* [Your goal]:
Range to repeat from the listing below: the line containing "엔진 -입력 프로젝트" down to the line containing "Here are some", both included. Copy it exactly, pictures excluded, and add nothing else.

*** Data provided Section Begins ***

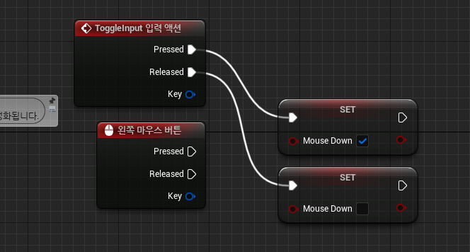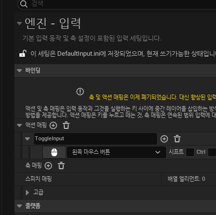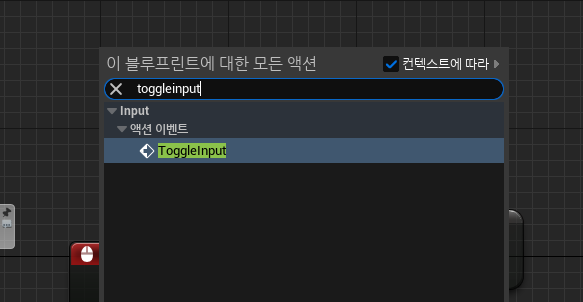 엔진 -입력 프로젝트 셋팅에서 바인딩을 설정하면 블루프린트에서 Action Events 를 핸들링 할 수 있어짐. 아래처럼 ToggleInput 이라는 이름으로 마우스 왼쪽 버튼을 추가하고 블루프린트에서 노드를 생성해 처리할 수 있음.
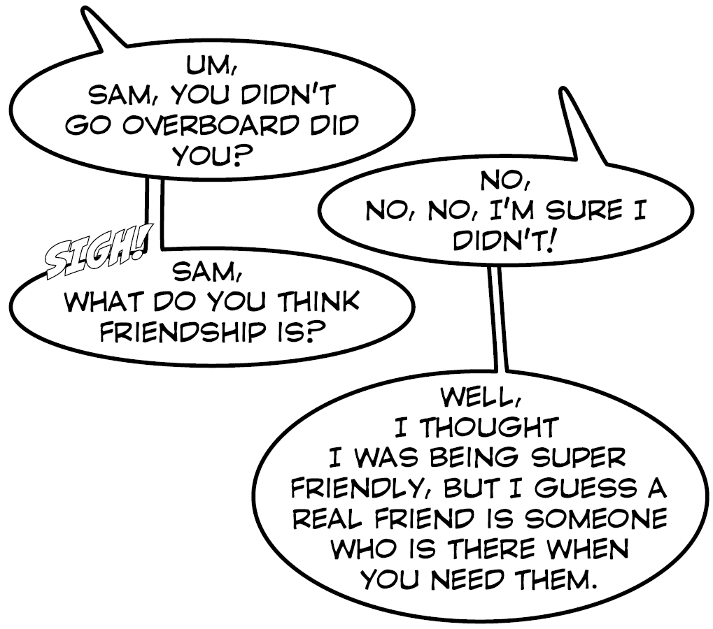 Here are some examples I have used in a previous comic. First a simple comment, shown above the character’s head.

*** Data provided Section Ends ***
*** Data provided Section Begins ***

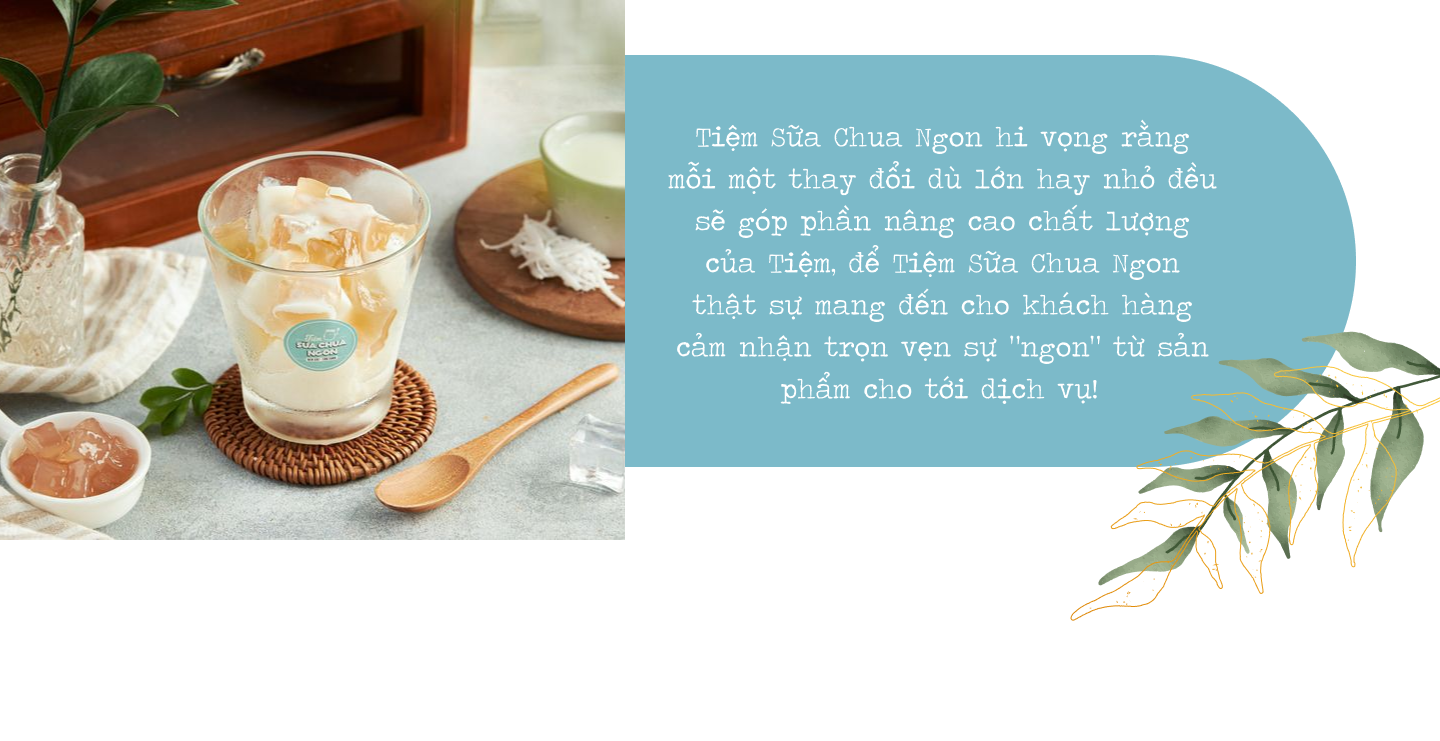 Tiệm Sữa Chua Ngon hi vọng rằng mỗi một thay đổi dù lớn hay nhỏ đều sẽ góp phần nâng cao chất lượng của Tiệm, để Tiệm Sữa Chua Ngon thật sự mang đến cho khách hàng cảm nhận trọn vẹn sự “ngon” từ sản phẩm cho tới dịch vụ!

*** Data provided Section Ends ***
*** Data provided Section Begins ***

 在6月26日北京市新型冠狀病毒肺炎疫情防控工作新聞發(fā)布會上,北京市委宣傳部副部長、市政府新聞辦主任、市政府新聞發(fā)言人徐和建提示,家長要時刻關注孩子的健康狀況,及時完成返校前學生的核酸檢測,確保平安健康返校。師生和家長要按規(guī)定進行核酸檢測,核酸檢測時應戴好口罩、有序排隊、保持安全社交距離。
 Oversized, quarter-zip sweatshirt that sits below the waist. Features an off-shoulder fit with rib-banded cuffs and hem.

*** Data provided Section Ends ***

* [Completed task]:
 엔진 -입력 프로젝트 셋팅에서 바인딩을 설정하면 블루프린트에서 Action Events 를 핸들링 할 수 있어짐. 아래처럼 ToggleInput 이라는 이름으로 마우스 왼쪽 버튼을 추가하고 블루프린트에서 노드를 생성해 처리할 수 있음.
 Here are some examples I have used in a previous comic. First a simple comment, shown above the character’s head.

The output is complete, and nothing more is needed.